Still, what is it that draws us together in this messed up world? Makes bad decisions seem like great ones, simply because of who we’re with? What is it about another person that can take all the mundane, crude, cheap and bitter moments in this life and somehow make them seem magical?

I wish I knew. If I’d have known, maybe I would have found a way to avoid it.

Then again, maybe not.

The flight across the Atlantic was restless. I kept waking up at every small noise, just sure that some kind of cop was going to put the grab on me. None appeared, though, and all I had to contend with was a snuffling old fart next to me and a whiny kid two rows over.

Somewhere over Greenland, the old guy “accidentally” brushed the side of my breast with his hand.

I leaned over and whispered in his ear. “Ye do that again, Da’, and you’ll be eating and wiping yerself left handed the rest o’ yer days.”

He tensed and his eyes flared open slightly.

I smiled sweetly.

Lucky old duffer. If I hadn’t been lying low, he’d have been nursing a broken finger instead of a bruised ego.

The hairiest part of the trip was changing planes in Montreal. If there’d been more time, I would have booked a flight into any other province but Quebec. All the French, I stood out like an empty pint. Time wasn’t always a luxury, though. Sometimes you have to make do. Go with the flow.

I handed my Irish passport to the customs official at the airport and flashed him my best Emerald Isle smile. I’d already taken the time to undo an extra button on my blouse.

S'il vous plait,” I said, letting my brogue butcher the French language. I never had much use for the French. Too much wine. Not enough fight. It’s no wonder they got their arses kicked twice last century.

He smiled at me, shot a predictable but appreciative glance down at my cleavage, then gave my passport the once over. “An-jay-lah Queen?”

I squinted. After a moment, I realized he was reading the name on the passport. Not my name, to be sure, but as good a name as any. “Aye, that’s me. Angela Quinn.”

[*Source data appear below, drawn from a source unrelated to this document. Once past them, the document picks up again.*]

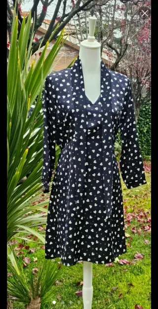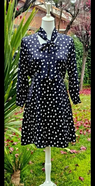 Los vestidos con lazada en el cuello serán las grandes protagonistas de la primavera 2026. Y sí, cuanto más delicados y femeninos, mejor. Como este que además lleva y cuello en V. Con elástico a la cintura por la espalda y por delante corte en V invertida en el pecho que estiliza la figura. Es corto. Manga larga con detalle de volantitos y botón en el puño ( por lo que la manga se puede remangar). Tela satinada negra con pequeños corazones blancos que parecen lunares . Nuevo. Estrenar Medidas en última foto.
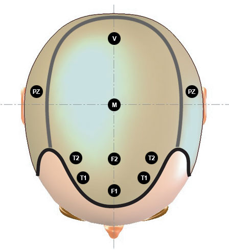 환자마다 탈모가 의심되는 영역이 다를 수 있고, 매핑 위치가 달라질 수 있지만, 유전성 탈모일 때 기본적으로 측정하는 위치는 앞머리, 앞머리 구석(cornor), 윗머리(top), 정수리(crown), 뒷머리 및 옆머리 부분입니다. 연모화가 시작되는 위치를 파악하면 탈모치료를 하지 않았을 때 어느 정도의 탈모 단계가 진행될 수 있을지 예상할 수 있습니다.
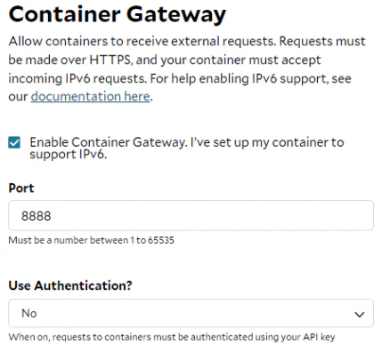 - All container instances, regardless of their locations, are currently exposed by the container gateway in the U.S, which may introduce additional latency for instances in other regions. Ensure that your applications can tolerate this delay and jitter.

He said something in French. I didn’t understand the words, but the tone was easy to decipher. He’d slipped into pick-up mode.

“Sorry, lad,” I told him. “The only French word left in my arsenal is merci. And I don’t have anything to thank you for yet.”

He smiled, baring his cigarette-stained teeth at me. “I say, what brings you to our fair country?”

“Visiting family.”

“Ah,” he replied, his smile growing. “Here in Montreal?”

I shook my head. “Vancouver.”

His smile faded. “That is too bad. Perhaps you have a layover, no?”

“No. I have a connecting flight.”

He pressed his lips together in disappointment. “What a pity.”

I smiled. “’Tis. I could have used a good knee trembler after such a long flight.”

He scrunched his eyebrows. “Pardon?”

“A knee trembler,” I repeated. I motioned toward the wall. “You know, there up against the wall. Up on your tip toes so hard, it makes your knees tremble?”

He flushed red with understanding. He hurriedly stamped my passport and handed it to me.

Merci,” I said sweetly.

“Next!” he barked.

Serves him right. Goddamn French, anyway.

The walk through the Montreal-Pierre Elliott Trudeau International Airport kept me on my toes, though not in the way I’d teased the gaping customs agent with. Every time I saw a uniform moving toward me, my knees trembled. I kept expecting a grab at my elbow and a French accent asking me to “come this way, madam.”

What would I do? Fight here? Run? Bluff?

I was tired of all three. The Troubles just beats it out of you.

I arrived at my gate without a problem. I sat and pretended to read a paperback romance while I watched people traffic.

No law was interested in me.

At least I would see the uniforms coming. If one of Sinn Fein came at me, I might not know until the last moment. Still, much of the foot traffic consisted of very French-looking people. I didn’t see many faces that could have been Irish. And none of them seemed to pay me any mind.

Maybe I’d gotten away clean.

I forced that thought down. When I made it to Uncle Terry’s, that’s when I could afford to think about being safe. Until then, thoughts of safety only clouded my thinking, made me less sharp. And until I was clear, I needed to stay alert.